Les policiers  arrivent également à Pompéi, où dans une boîte, il y a sept bombes de guerre fabriquées dans l’ex-Yougoslavie, toutes prêtes à être utilisées »
 (ici à droite)  « L’histoire, cependant, est loin d’être terminée. Dans une note, le substitut du procureur d’Antimafia Filippo Beatrice souligne que les frères Maurelli « sont, comme les enquêtes menées, en contact avec des membres du crime organisé ». Cinq groupes de clans de la Camorra actifs à Castellammare, Pompéi, Scafati et Torre Annunziata seraient inclus dans la série de vente de drogue: les Cesarano, les Omobono-Scarpa i Gionta, les Gallo-Cavaliere et les Omobono-Scarpa. «

Dans les Açores encore, en 2015 et à Horta, cité ci-dessus, un long voilier sans cabine apparente appelé Martella, un Baltic 81 de 1989, avait été appréhendé.
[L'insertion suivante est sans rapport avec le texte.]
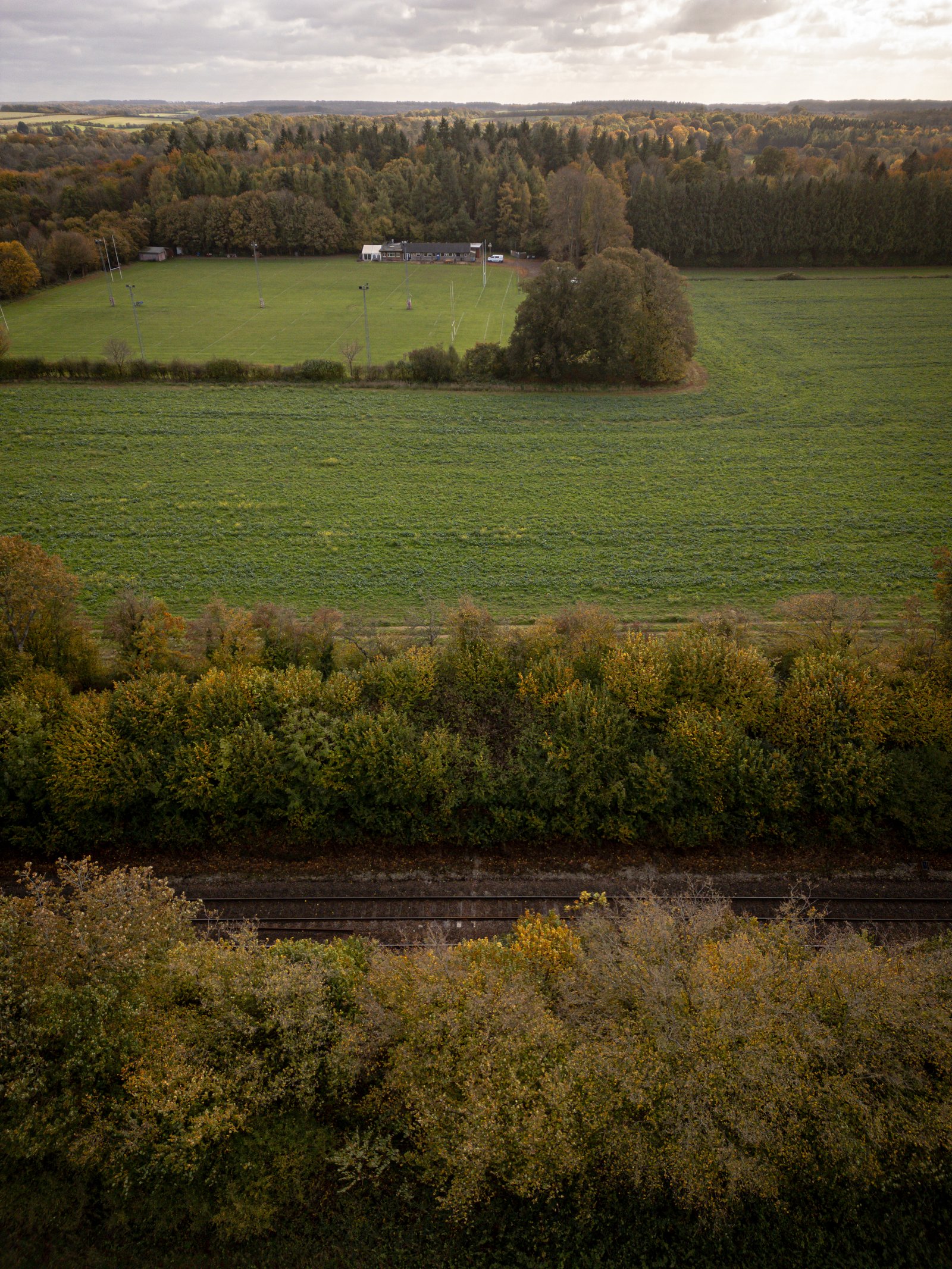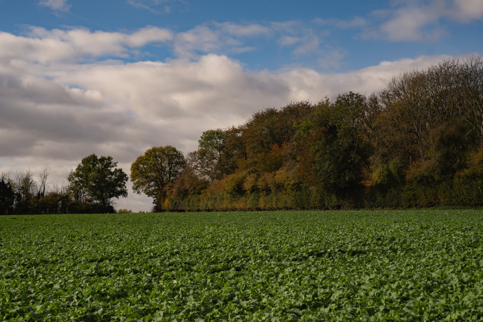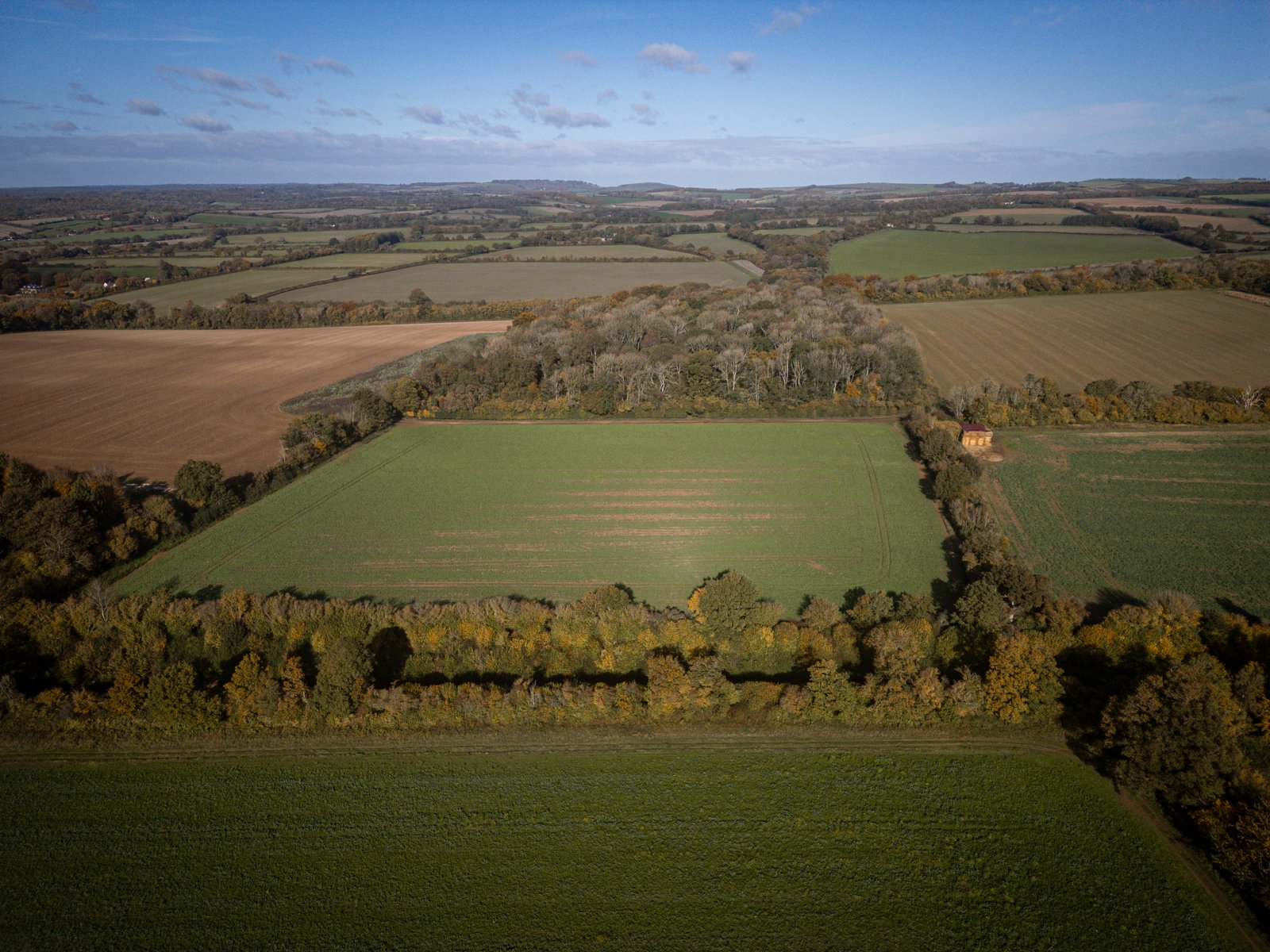 The railway cutting is located halfway between the bridges at Watch Lane, in Freefolk, and Northington Farm. Trespassing onto railway property is a criminal offence, whilst the fields both side of the track are privately owned. During October 2025 I attempted to launch my drone from the footpath running from Efrafa to Northington Farm, but strong winds meant the little thing was buffeted around and unable to do anything but hover. I had given up and was heading back to my vehicle, when for the second time in a year I encountered Jackie, the farmer, out walking her dog. Once again she was kind enough to give me permission to enter her fields. So I headed west along the field boundaries, north of the railway line.

Il faisait 24 mètres de long (79 pieds !) et était plutôt destiné à la régate, genre de sport auquel il avait déjà participé (cf ci-dessus à gauche).  A bord, il y a avait cinq hommes d’équipage (quatre de nationalité serbe, et un allemand). L’engin emportait 1 150 kilos de cocaïne (visible ici sur le quai, à droite sur la photo empruntée à un journal local !  Le Martella avait pour base charter pour la location Trinité et Tobago !! Les cinq marins avaient donc traversé l’Atlantique dans ce bateau de course sans cockpit, dans l’inconfort le plus complet !!!  A mon sens, c’était la première fois qu’un voilier de course servait à transporter de la cocaïne.

Le Cap-Vert aussi comme relais avec un autre incroyable histoire

Le Cap-Vert est un autre relais de l’Atlantique, pour les jets comme pour les navires, sur la route de la coke vers l’Europe (et pour des cargos comme l’Artic-Sea, souvenons-nous aussi !  Cela donne aussi parfois des cas pendables, comme celui raconté ici par l’excellent Philippe Reltien, avec qui j’ai eu la chance de travailler (il y a bien longtemps). C’est celui d’un marin français, Olivier Thomas, venu tenter sa chance à bord d’un bateau sans savoir que celui-ci avait été truffé de cocaïne avant qu’il ne mette un pied à bord. Le yacht avait fait le trajet de Natal au Brésil (initialement il était parti de Salvador de Bahia et avait subi de lourdes modifications à Bahia, pour un montant élevé, plus de 3 fois sa valeur marchande !) jusqu’à sa destination de l’île de Madère au Portugal en passant par le Cap-Vert, dans le port de Mindelo.  La vieille cabine de bois avait effectivement été remplacée par une en résine, notamment, ce qui se distingue très bien ici.  Le travail de modification avait été long.  Le voilier était entré dans la Marina d’Ocema à Salvador da Bahia le 16 juin 2016 pour ses modifications.  Il en était ressorti qu’en mars 2017.  La police semblait déjà le suivre de près et il avait été fouillé de fond en comble le 18 juillet 2017, avant son départ, mais la police fédérale brésilienne n’avait alors trouvé aucune drogue à bord.  Dans les déclarations au programme Fantástico, le délégué de PFB reconnaîtra qu’elle n’était pas (assez) compétente ce jour-là pour détecter la coke profondément dissimulée dans le bateau. Le réservoir d’eau placé au-dessus de la cocaïne avait détourné l’odorat des chiens renifleurs !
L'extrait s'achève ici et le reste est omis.